Exercise material START

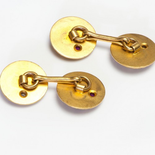 Each cufflink is set with a vivid ruby at its center, surrounded by sparkling diamonds that add a touch of brilliance. The intricate craftsmanship and harmonious blend of gemstones make these cufflinks an exceptional symbol of refined elegance, perfect for collectors or those seeking a distinctive accessory.
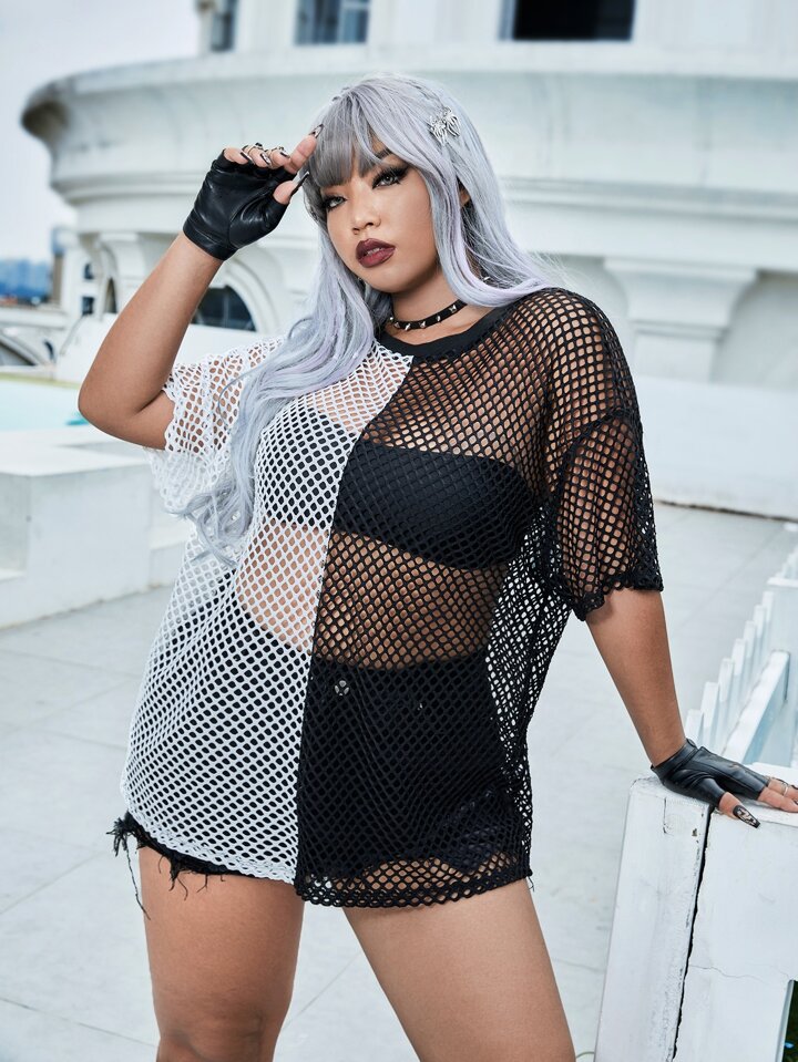 Top de dos tonos de hombros caídos de malla sin top tubo
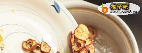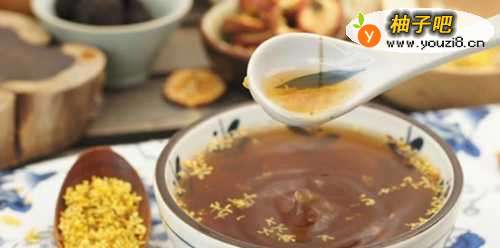 7起锅的10分钟左右放进桂花。加上冰糖一起煮融化即可
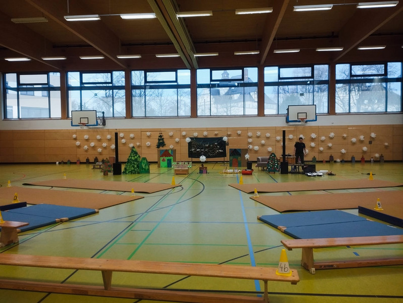 Am letzten Tag trafen wir uns alle zum Abschluss in der Turnhalle und sahen uns die "Geschichte vom traurigen Weihnachtsbäumchen" an, welche die GTA "Vorhang auf!"-Kinder extra für uns einstudiert hatten. Alle waren ganz verzaubert und richtig stolz, denn bei uns heißt es nicht nur "Zuschauen" - jede Klasse macht auch mit einem kleinen Musikbeitrag mit.
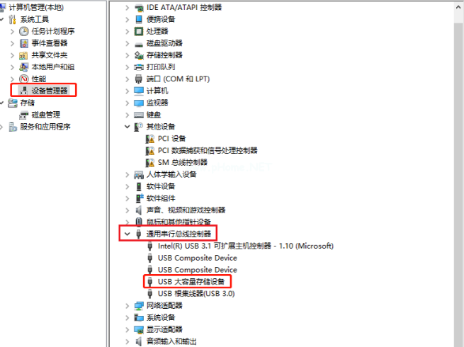 7、 依舊是先進(jìn)入到「計(jì)算機(jī)管理」界面,點(diǎn)擊「設(shè)備管理器」,找到「通用串行總線控制器」,雙擊「USB大容量存儲(chǔ)設(shè)備」。
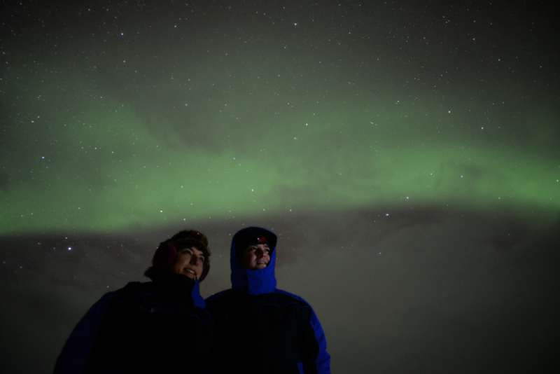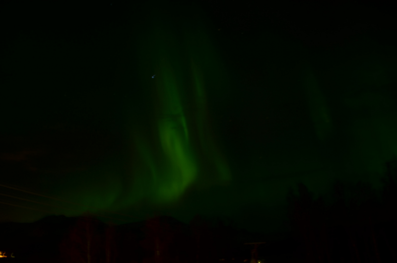 Kızak gezimizin bitiminde, köpek kulübelerinin yakınında güzel bir restoranda sıcacık bir balık çorbası içiyoruz. Uzun bir gezinin ardından çok güzel geliyor. Yemeğin tam ortasında dışarıdan birisi içeriye koşarak kuzey ışıklarının çıktığını haber veriyor. İnanılmaz bir heyecanla dışarıya fırlıyoruz ve muhteşem yeşil dalgalanmalar bizi karşılıyor. Tam anlamıyla bir dans resitali yaşatıyor bize. Bu unutulmaz deneyimin ardından otelimize geri dönüyoruz.
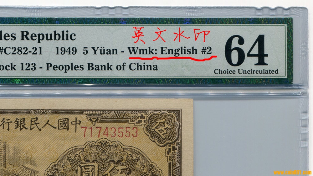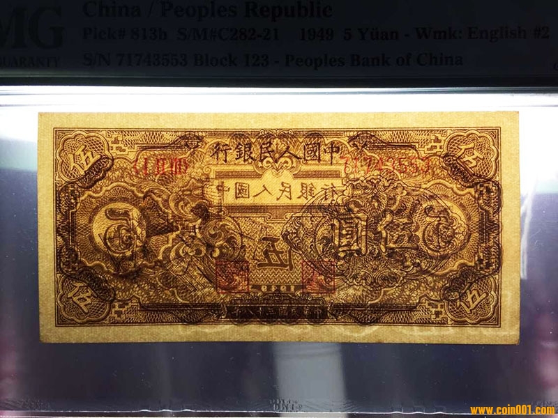 【PMG64,一版5元織布 ..
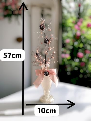 Generic - مزهرية زجاجية انيقة مع مخاريط صنوبر وفيونكة وردية، ترتيب زهور مزخرف، ارتفاع 57 سم، قاعدة بلورية بيضاء
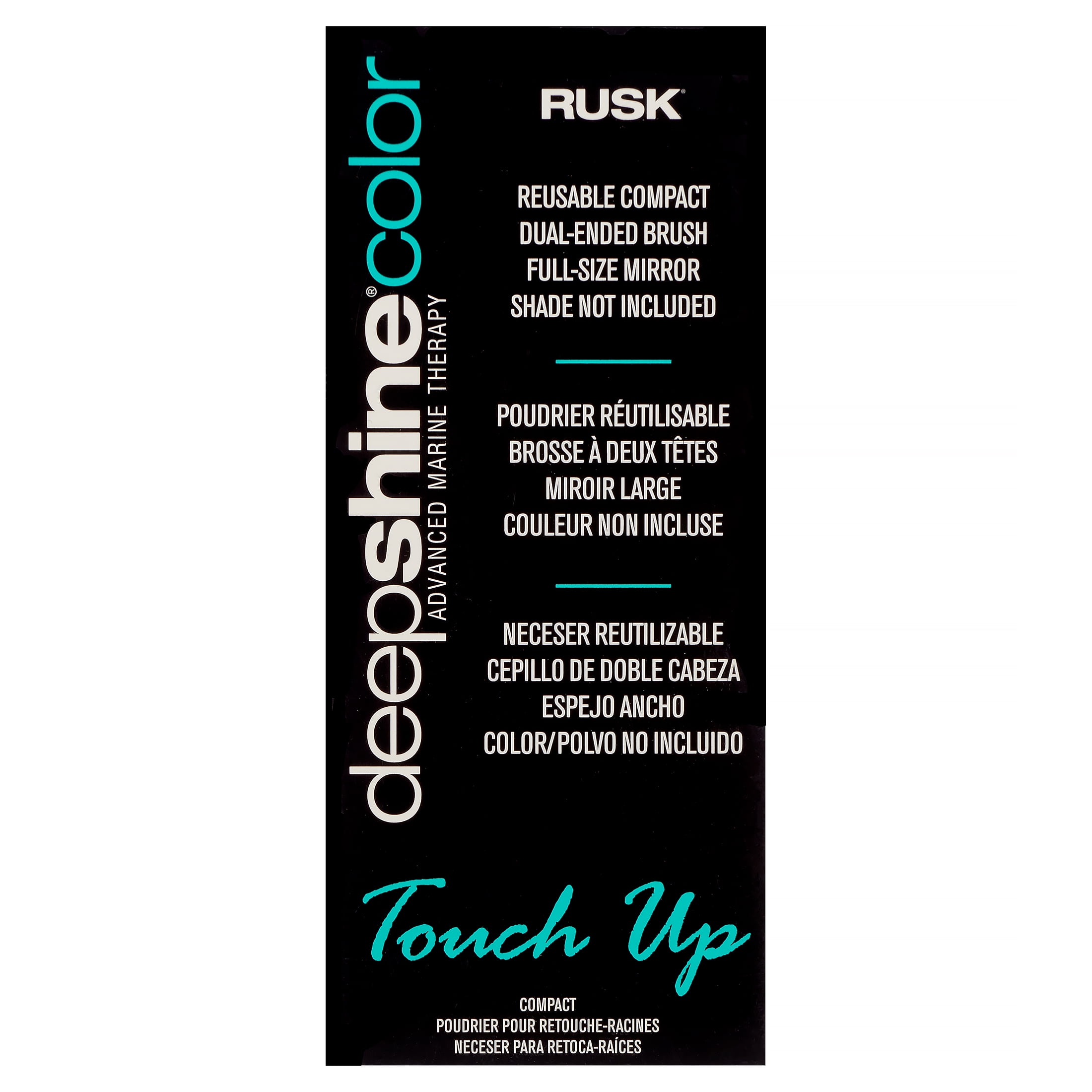 Rusk deep shine color touch up refillable compact holds your favorite touch up shade. This unique, reusable compact allows you to replace and refill your shade easily. Features a full-size mirror and dual-ended applicator brush for foolproof precision application.Rusk Deepshine Hair Color Touch Up Compact
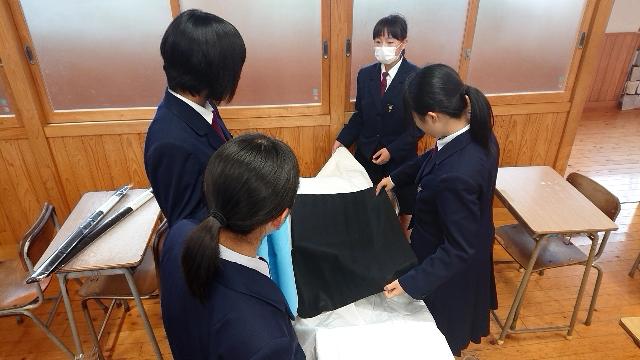1年家庭科では初めてミシンを使い、巾着袋を製作しています。
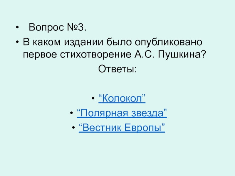 В каком издании было опубликовано первое стихотворение А.С. Пушкина?
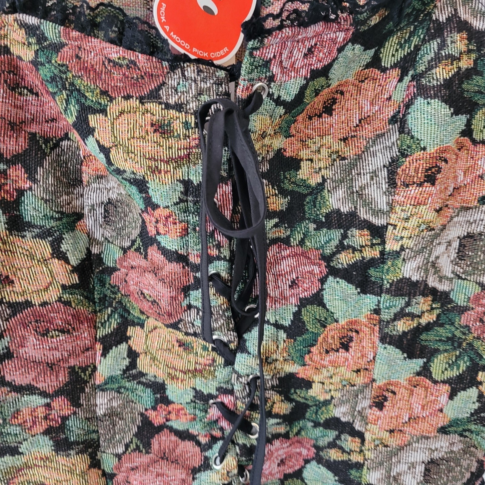 Cider Women Top 1XL Plus Corset Camisole Lace Up Spaghetti Strap Floral Tapestry

Exercise material END

- **About this exercise**: Print, without pictures, exactly the lines from the one containing "Generic - مزهرية" through the final line of the records above.

- **Answer to the exercise**:
 Generic - مزهرية زجاجية انيقة مع مخاريط صنوبر وفيونكة وردية، ترتيب زهور مزخرف، ارتفاع 57 سم، قاعدة بلورية بيضاء
 Rusk deep shine color touch up refillable compact holds your favorite touch up shade. This unique, reusable compact allows you to replace and refill your shade easily. Features a full-size mirror and dual-ended applicator brush for foolproof precision application.Rusk Deepshine Hair Color Touch Up Compact
1年家庭科では初めてミシンを使い、巾着袋を製作しています。
 В каком издании было опубликовано первое стихотворение А.С. Пушкина?
 Cider Women Top 1XL Plus Corset Camisole Lace Up Spaghetti Strap Floral Tapestry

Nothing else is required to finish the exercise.